Na continuidade da discussão, o prof. Dr. Sérgio Duvalsan lembra que não se pode afirmar quanto ao projeto do emissário subfluvial dará certo ou não, porque não há parâmetro algum sobre o monitoramento da qualidade de água do rio Negro. Afirma que qualquer interferência humana de degradação na natureza poderá gerar sérios impactos negativos e preocupante quanto as consequencias que sofreremos com uma iniciativa com poucas discussões e sem parâmetros técnicos para se chegar a uma avaliação apurada.

A exposição feita pela sociedade civil, por meio do presidente do IACi, Hamilton Leão chama atenção do do problema do esgotamento sanitário no final do século XIX, quando o rio Negro, no ano de 1900 foi colocado como proposta para ser purificador das águas de esgotos que seriam lançadas no rio. Na época, segundo revela o livro "A história do saneamento em Manaus", o projeto desenvolvido estava baseado para uma população em torno de 60 mil habitantes, e que passados 113 anos, mais uma vez o Estado vem apresentar a mesma proposta, mas com um agravante ambiental sério, pois a cidade já não é aquela de 114 anos atrás e agora comporta uma população de quase dois milhões de habitantes.

Como alternativa ao projeto nocivo do Estado, o IACi apresentou e defende uma proposta racional e sustentável com a utilização de biodigestores como captadores dos dejetos sanitários e consequentemente transformá-los em gás de cozinha, biofertilizantes e bioenergia, ao invés de lança-los no rio Negro e nos igarapés de Manaus.
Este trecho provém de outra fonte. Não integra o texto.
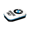Štýlová krabička na tabletky pre motocyklistov BMW, naplnená lahodnými, osviežujúcimi tabletkami mäty piepornej. Pevná krabica je vyrobená z oceľového plechu a veko je vyrazené. Keď je prázdny, je príliš dobrý na vyhodenie a je dobré ho použiť na ventily pneumatík, pružiny alebo iné drobnosti na cestách.
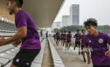 Pesepak bola Timnas U-19 berlatih di Stadion Madya, Kompleks Gelora Bung Karno Senayan, Jakarta, Selasa (17/11/2020). Sebanyak 38 pemain Timnas Indonesia U-19 menjalani pemusatan latihan di Stadion Madya, Jakarta pada 16 hingga 23 November 2020. (FOTO : ANTARA/Galih Pradipta)
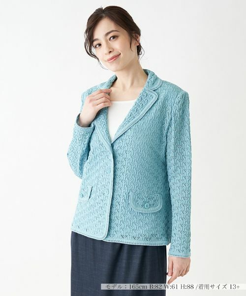 まるでレースのような透かし編み模様が美しいデザインのニットジャケット。コットン100%に仕上げたさらりとした風合いが春夏らしいデザインです。ダークトーンのワンピースなど、シンプルなアイテムの合わせにもピッタリです。※定価(税込)は、2022年06月29日のセール開始前の店舗における販売価格です。家庭洗濯不可漂白不可タンブル乾燥不可アイロン低温160℃まで石油系溶剤ドライクリーニング弱ウェットクリーニング不可
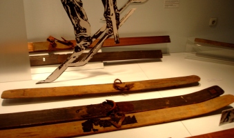 Takoj za vhodom se košatijo številni pokali. Na sliki kristalna globusa biatloncev. |  Kristalni »vodni stolp«, ki ga mora nositi več smučarjev zaradi velike teže. |  Primer neke vrste okorne sibirske »smučke«, ki je služila za hojo po močvirjih in po zasneženi močvirnati brozgi. |

Complementando a apresentação sobre o tema, a Professora Dra. Adorea Rabello traz ao conhecimento do público presente que há um grande equívoco em querer usar o rio Negro como o recebedor dos dejetos sanitários da cidade. Segunda ela, o rio Negro é um rio de foz represado pela sistema fluvial do rio Solimões e um processo de sedimentação em curso, e que a intervenção humana nessa área para o lançamento de toda carga sanitária no rio não é aconselhável por se tratar de uma área de fragilidade ambiental.

Cita também que há grande equívoco na proposta apresentada no texto do Plano de Saneamento Básico de Manaus pela prefeitura, que coloca o rio Amazonas com uma grande disponibilidade hídrica que garante a capacidade de autodepuração das cargas orgânicas, e em seguida apresenta o rio Negro como depositário dos dejetos na proposta do emissário subfluvial.

Menabarreto Segadilha, médico sanitarista faz um alerta para o grande número de doenças transmitidas por veiculação hídrica que estão presentes nas águas do rio negro e nos igarapés de Manaus. Doenças como ameba, esquistossomose, leptospirose, entre outras são tratadas como causas determinantes e virroses, que segundo ele, são desculpas para não se investigar as reais causas das doenças.    

os depoimentos apresentados no seminário servirá de embasamento técnico-jurídico para a Defensoria Pública de Causas Coletivas do Estado do Amazonas propor ação quanto a adequação do tema ao que prevê as leis ambientais e os estudos científicos.